Andamos o ano inteiro a maldizer as rotinas. A querer
sair delas. Fazemo-lo numa tentativa de fugirmos do lado mais chato da nossa
realidade: das contas para pagar; dos deadlines para tudo e mais alguma coisa; das listas de TO DO´s (que nunca acabam); do lufa-lufa e do vai e vem entre
casa-escola-trabalho-escola-casa; das compras domésticas; da dor de cabeça que
é ter imaginação para fazer refeições variadas, saudáveis e nutritivas para nós
e para os nossos filhos… Uma canseira!
Quando as férias estão à porta, sentimos aquela
excitação quase adolescente, parecendo nós que estamos prestes a realizar
um sonho de vida.

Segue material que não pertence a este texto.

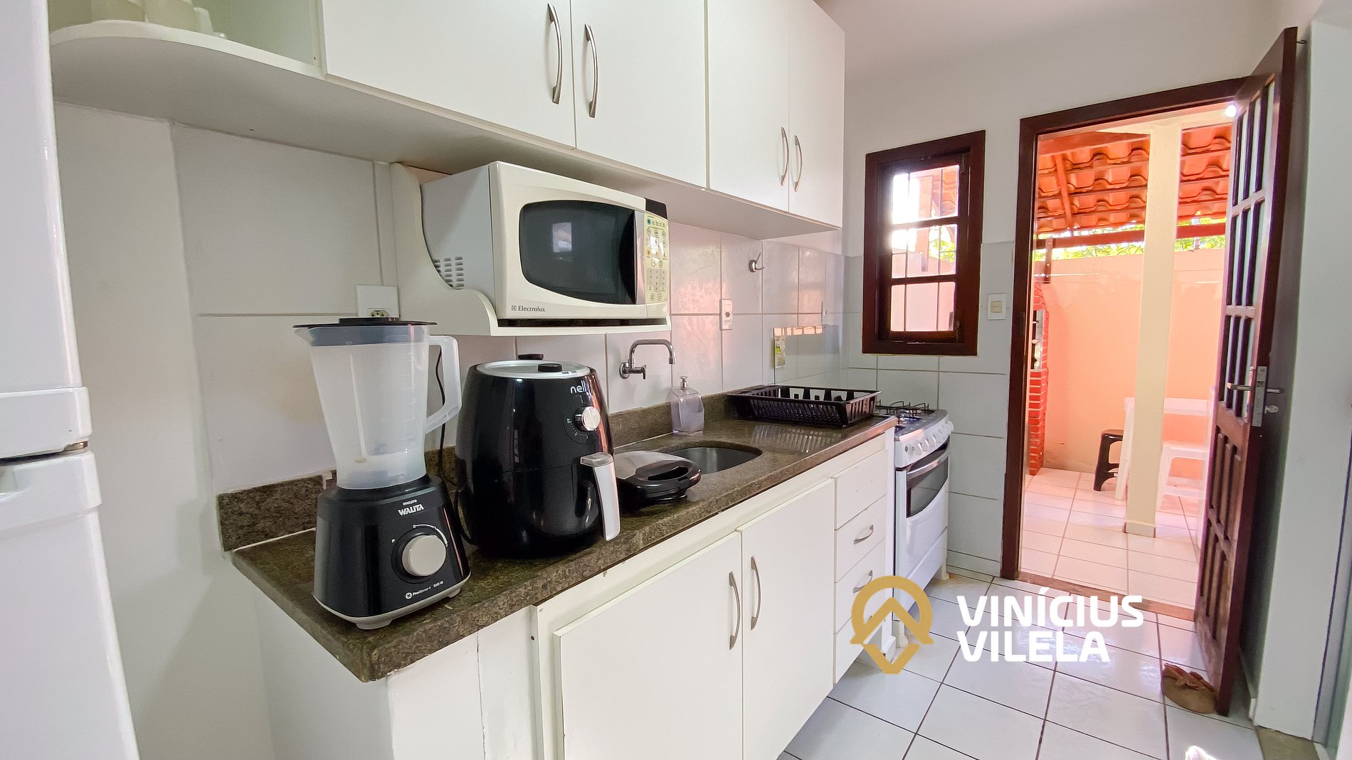 A cozinha é bem completa e oferece eletrodomésticos como liquidificador, micro-ondas, freezer, airfryer, sanduicheira fogão, geladeira duplex, utensílios, panelas, talheres, pratos, xícaras, garrafa térmica de café ,copos de vidro, e nas gavetas sempre você vai encontrar pano de prato e outros utensílios essenciais em uma cozinha.
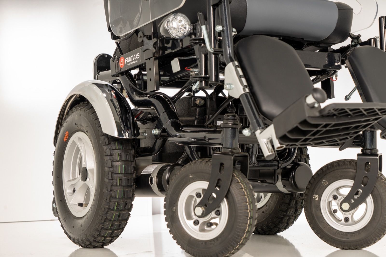 Fulmaks 7896 arazi akülü tekerlekli sandalye, güçlü motion tech motoru, amortisörleri ve havalı tırtıklı tekerleri sayesinde düz olmayan, bozuk yollarda rahatlıkla hareket edebilir.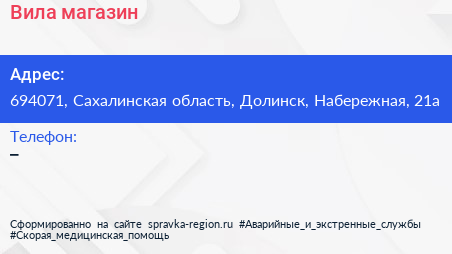 Вила, магазин по адресу 694071, Сахалинская область, Долинск, Набережная, 21а в дальнейшем Организация, размещена в следующих категориях: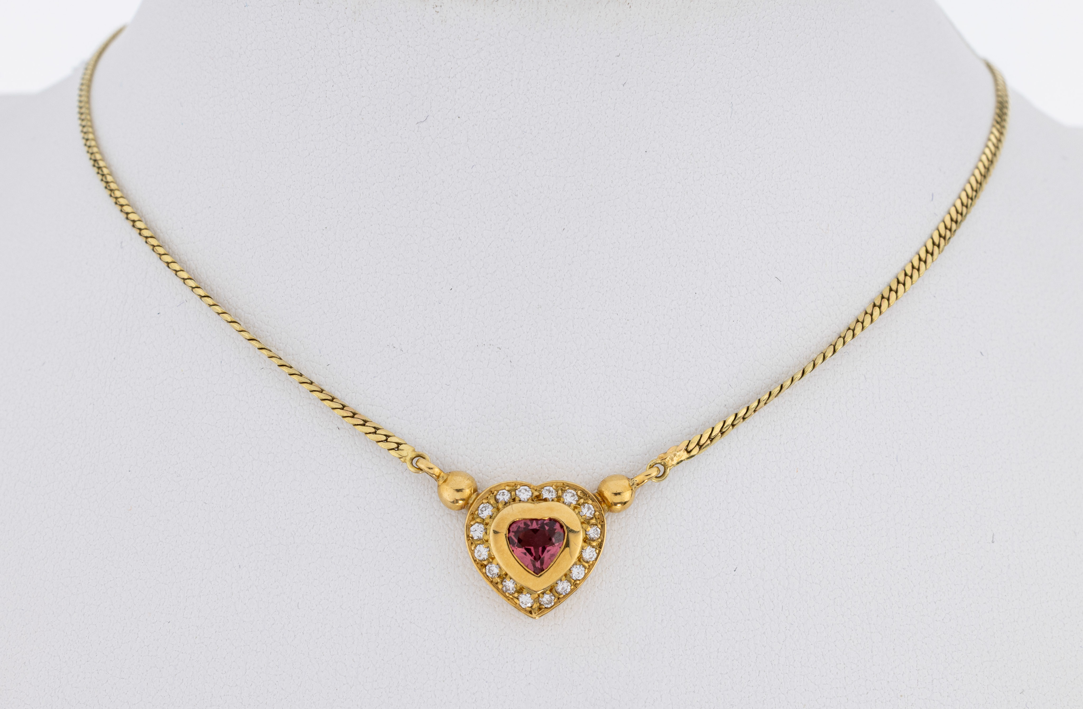 Rhodolith-Herz ca. 0.50 ct, 16 Brillanten zus. ca. 0.16 ct Weiß/si, L. ca. 40 cm,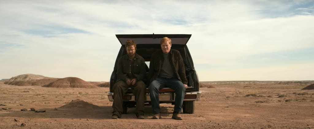 With his PTSD, Jesse has a ton of flashback moments. The movie plays out a little weird not only because of the flashback moments, but because the movie is supposed to be based right after the events of Breaking Bad, but in real life, six years have passed. All of the actors of the original series have been re-hired for this movie, but the six years have not exactly been kind to everyone. It's pretty obvious that Aaron Paul is older and I guess bigger than he used to be. The oddest moments are the flashbacks with Jesse Plemons, who plays Todd in the movie. Jesse Plemons is noticeably bigger and older than he was six years ago. He's almost unrecognizable in certain scenes.

Elas chegam, nós entramos nelas e lambuzamo-nos com tudo de bom que
elas nos oferecem: as maravilhas de não ter horários para nada; poder acordar sem
despertador; fazer programas familiares sem stresses nem preocupações; aproveitar o sol, o calor e a praia (pelo menos no verão); pôr a leitura em dia; beber um copo de
vinho depois de jantar com o sentimento de quem está mais leve (não de corpo,
mas de cabeça)… estar de férias é um luxo para a alma e para o corpo e
não há quem não goste.
No entanto, na hora de voltar às rotinas, é inevitável
sentir uma espécie de paz inexplicável e apaziguadora. Por mais que desdenhemos das rotinas, todos queremos ter rotinas para as quais voltar!